REQUIRED WORK. The response must be the exact lines from the line holding "Veste Adidas noir" through the end of the entries, with no pictures and nothing else.

--- THE RECORDS ---

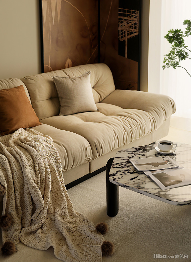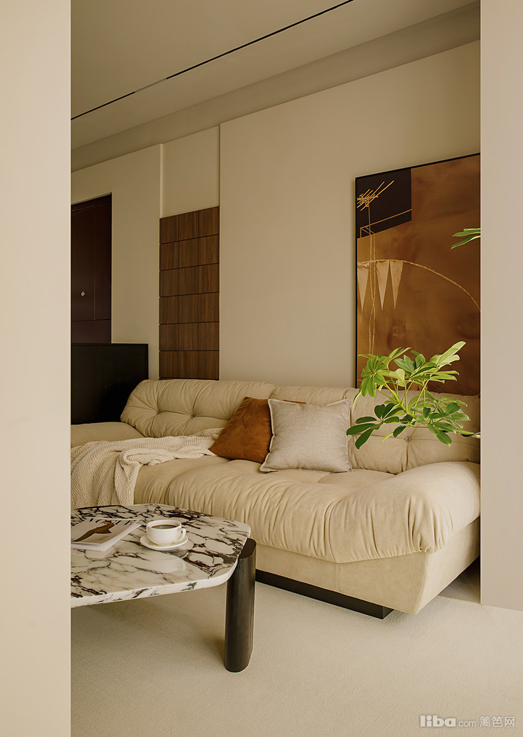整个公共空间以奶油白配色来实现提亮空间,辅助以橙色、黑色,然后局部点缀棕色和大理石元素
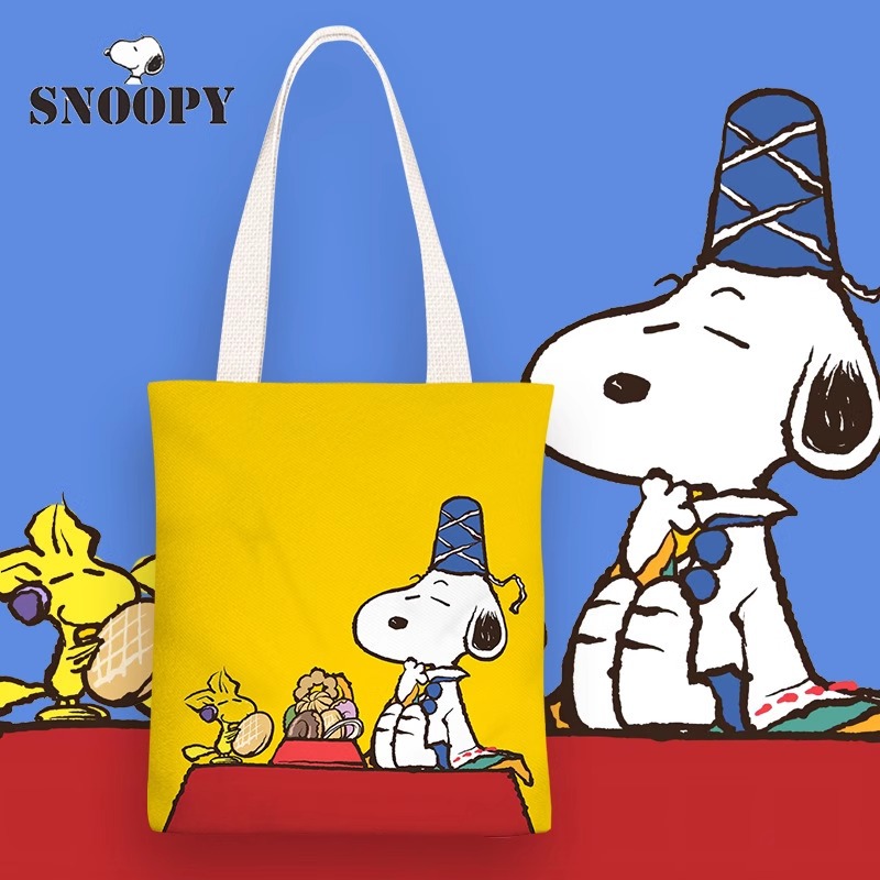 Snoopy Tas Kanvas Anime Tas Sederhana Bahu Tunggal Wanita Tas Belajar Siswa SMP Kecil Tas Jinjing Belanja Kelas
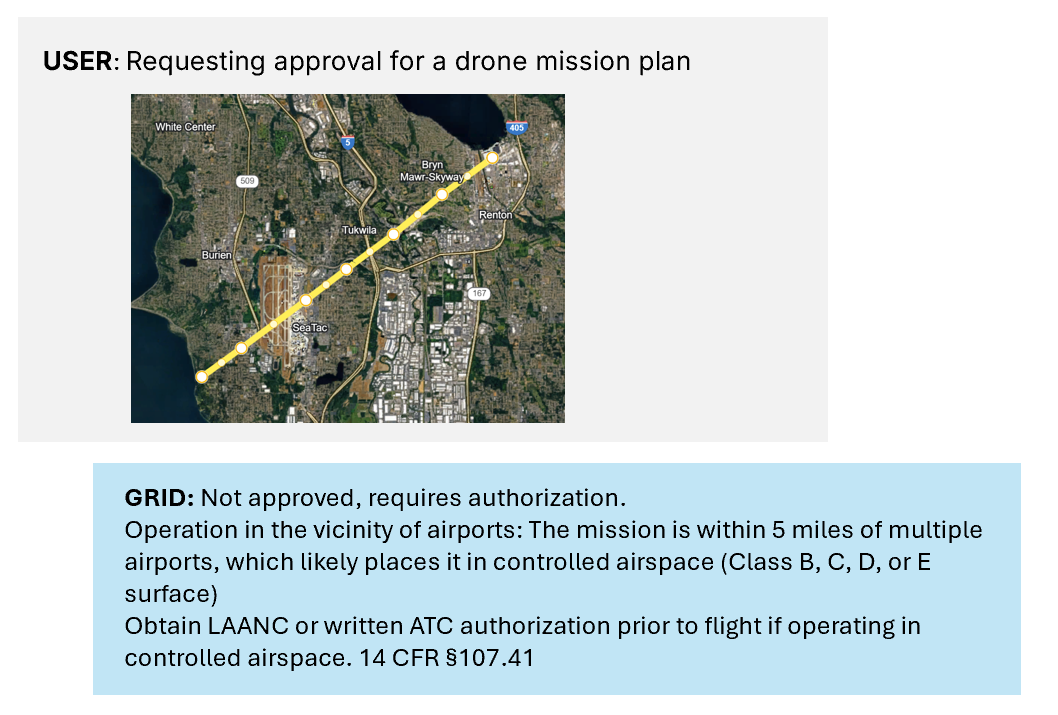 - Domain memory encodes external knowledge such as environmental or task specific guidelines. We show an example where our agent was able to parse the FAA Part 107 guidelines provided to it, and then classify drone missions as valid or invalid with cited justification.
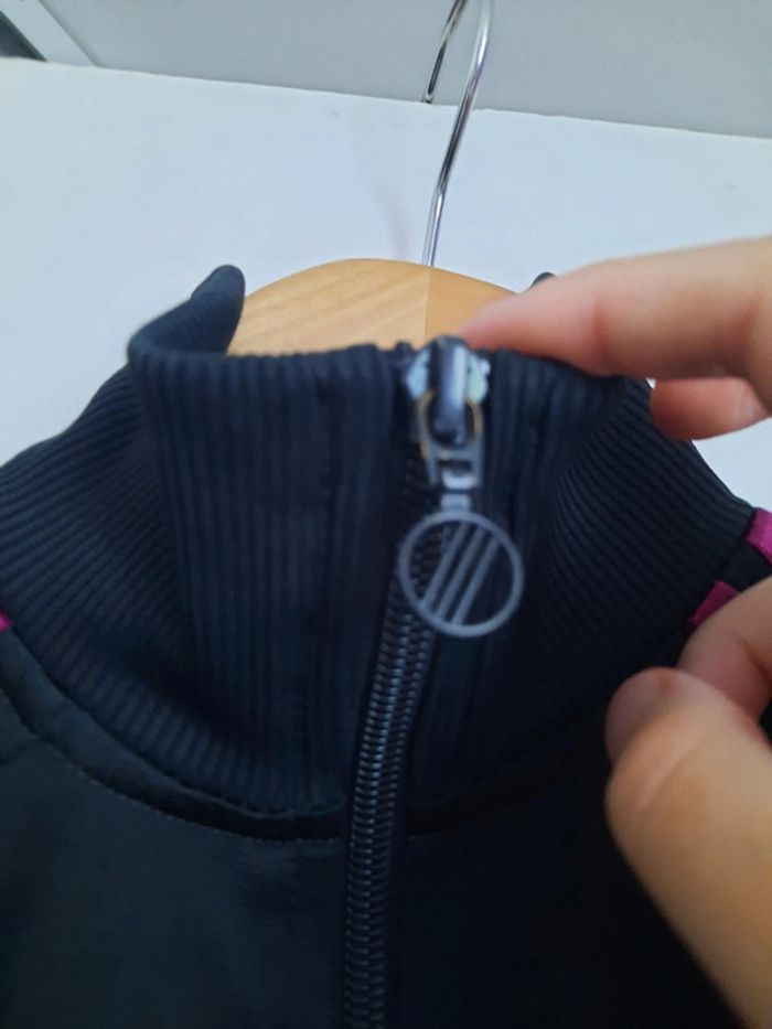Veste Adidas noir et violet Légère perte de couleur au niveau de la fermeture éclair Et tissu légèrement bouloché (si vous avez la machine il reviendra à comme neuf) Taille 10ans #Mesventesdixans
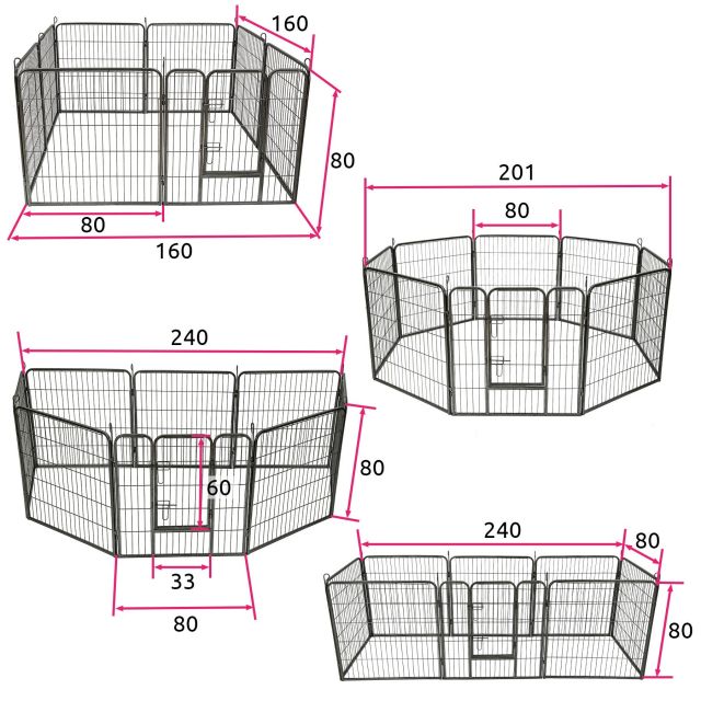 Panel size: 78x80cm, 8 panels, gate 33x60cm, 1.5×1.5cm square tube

---

PROBLEM SOLUTION.
Veste Adidas noir et violet Légère perte de couleur au niveau de la fermeture éclair Et tissu légèrement bouloché (si vous avez la machine il reviendra à comme neuf) Taille 10ans #Mesventesdixans
 Panel size: 78x80cm, 8 panels, gate 33x60cm, 1.5×1.5cm square tube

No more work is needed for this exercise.